For this exercise, an exact copy is needed of only the lines from the one containing "أثر الْحَدِيْث في" through the end of the data, with pictures left out.

● Supplied information
● ● ● ●
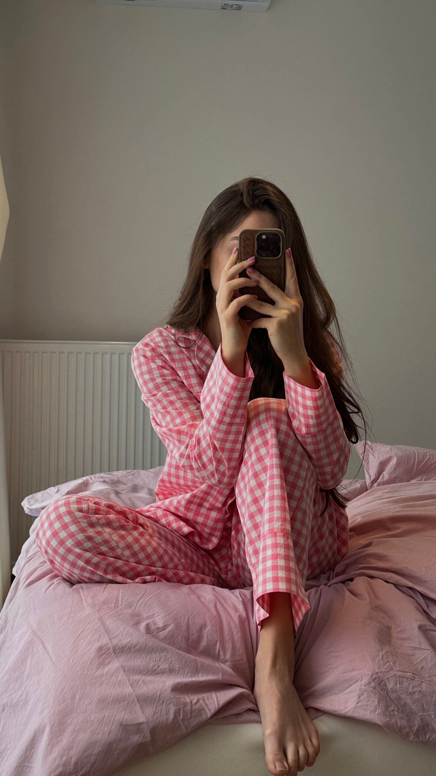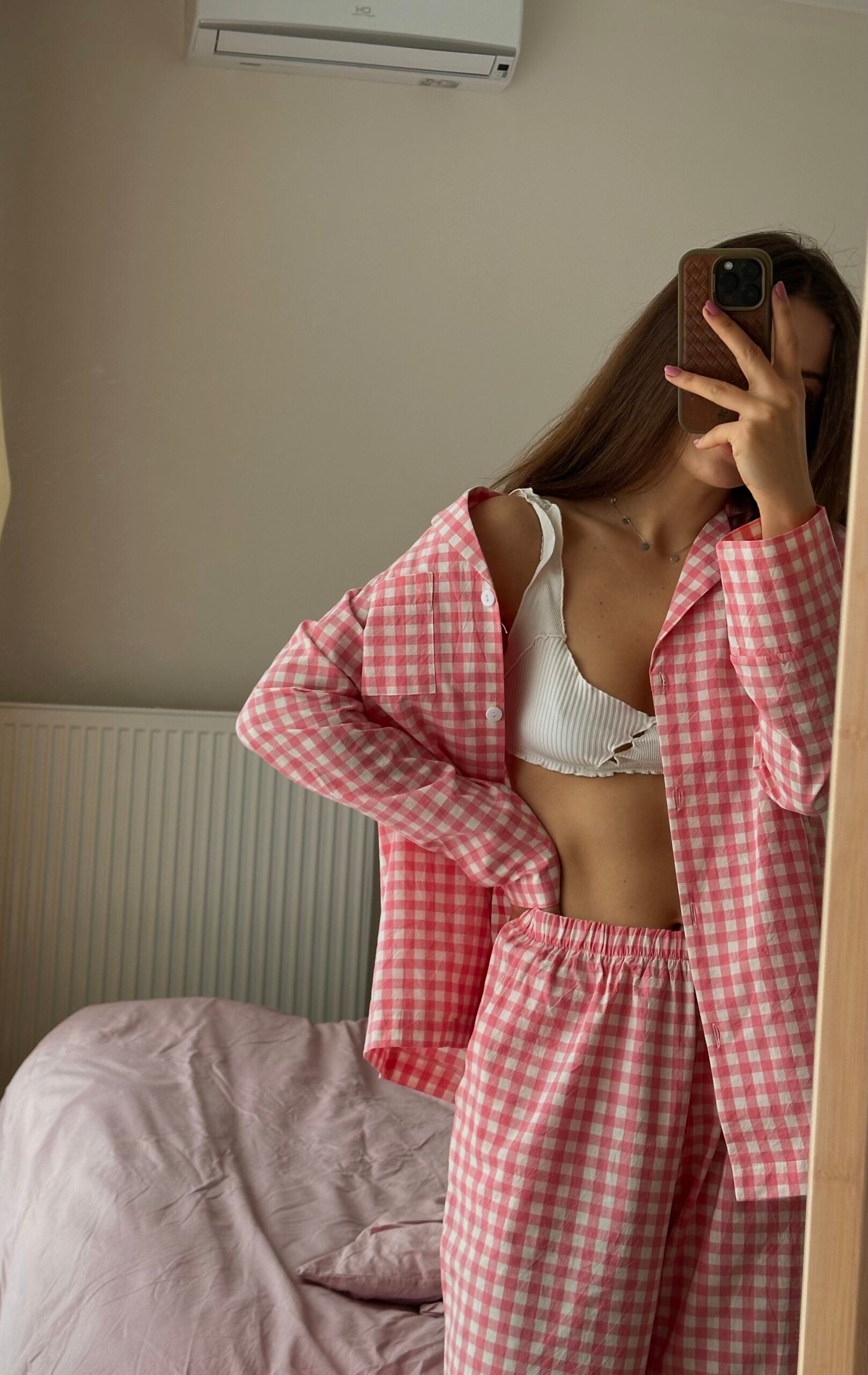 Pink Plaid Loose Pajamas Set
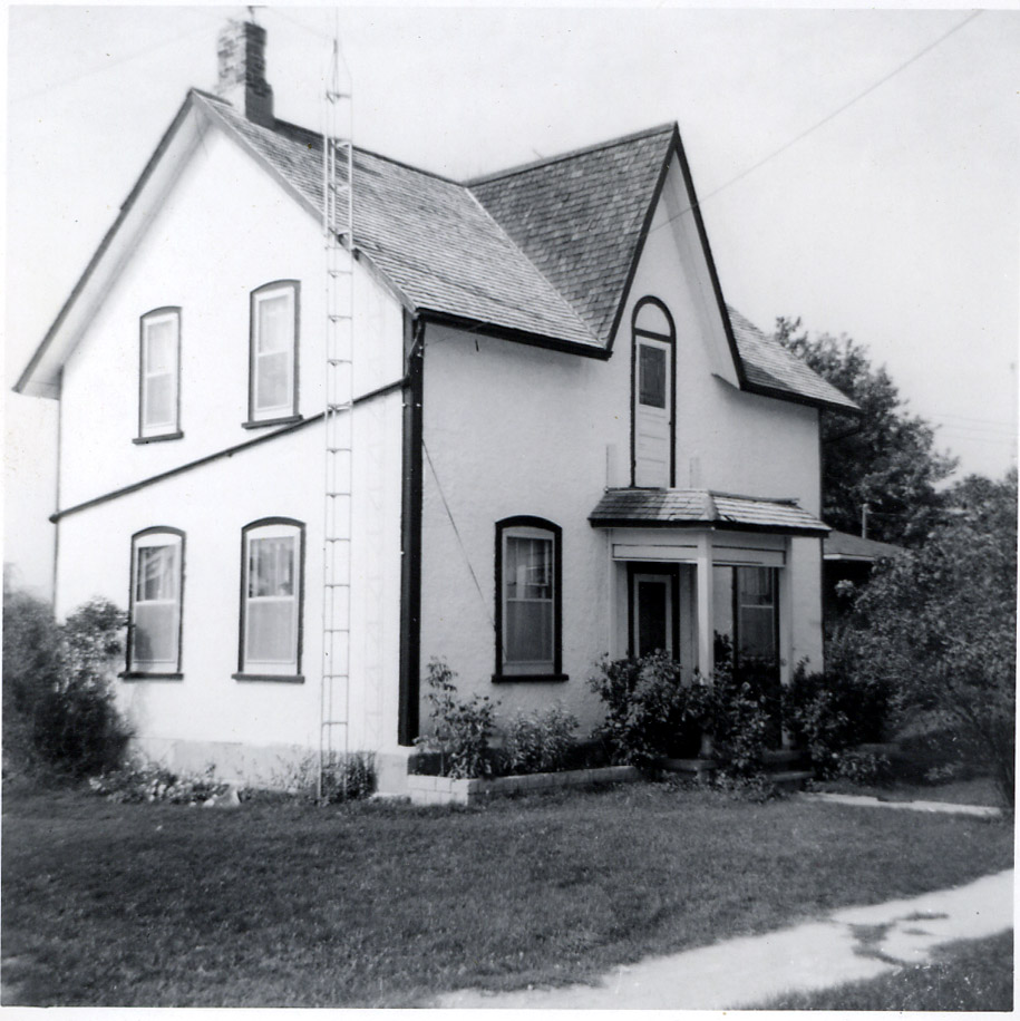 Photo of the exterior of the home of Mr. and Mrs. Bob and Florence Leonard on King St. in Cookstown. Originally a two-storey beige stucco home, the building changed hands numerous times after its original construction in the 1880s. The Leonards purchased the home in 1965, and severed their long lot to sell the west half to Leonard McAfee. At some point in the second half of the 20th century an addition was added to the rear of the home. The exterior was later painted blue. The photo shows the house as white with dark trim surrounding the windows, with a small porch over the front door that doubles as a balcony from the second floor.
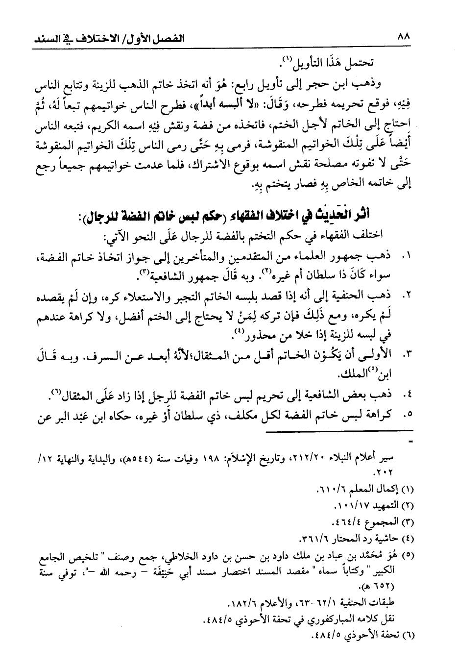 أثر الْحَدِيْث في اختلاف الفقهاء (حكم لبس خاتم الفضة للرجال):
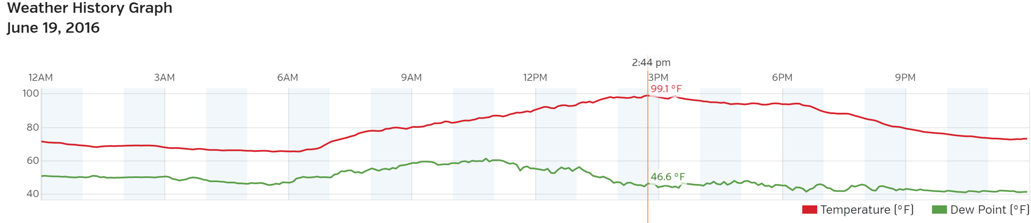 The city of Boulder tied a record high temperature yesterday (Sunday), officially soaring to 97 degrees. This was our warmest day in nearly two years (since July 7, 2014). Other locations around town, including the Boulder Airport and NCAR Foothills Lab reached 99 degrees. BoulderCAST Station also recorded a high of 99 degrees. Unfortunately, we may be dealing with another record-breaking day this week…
● ● ● ●
● Exercise response
 أثر الْحَدِيْث في اختلاف الفقهاء (حكم لبس خاتم الفضة للرجال):
 The city of Boulder tied a record high temperature yesterday (Sunday), officially soaring to 97 degrees. This was our warmest day in nearly two years (since July 7, 2014). Other locations around town, including the Boulder Airport and NCAR Foothills Lab reached 99 degrees. BoulderCAST Station also recorded a high of 99 degrees. Unfortunately, we may be dealing with another record-breaking day this week…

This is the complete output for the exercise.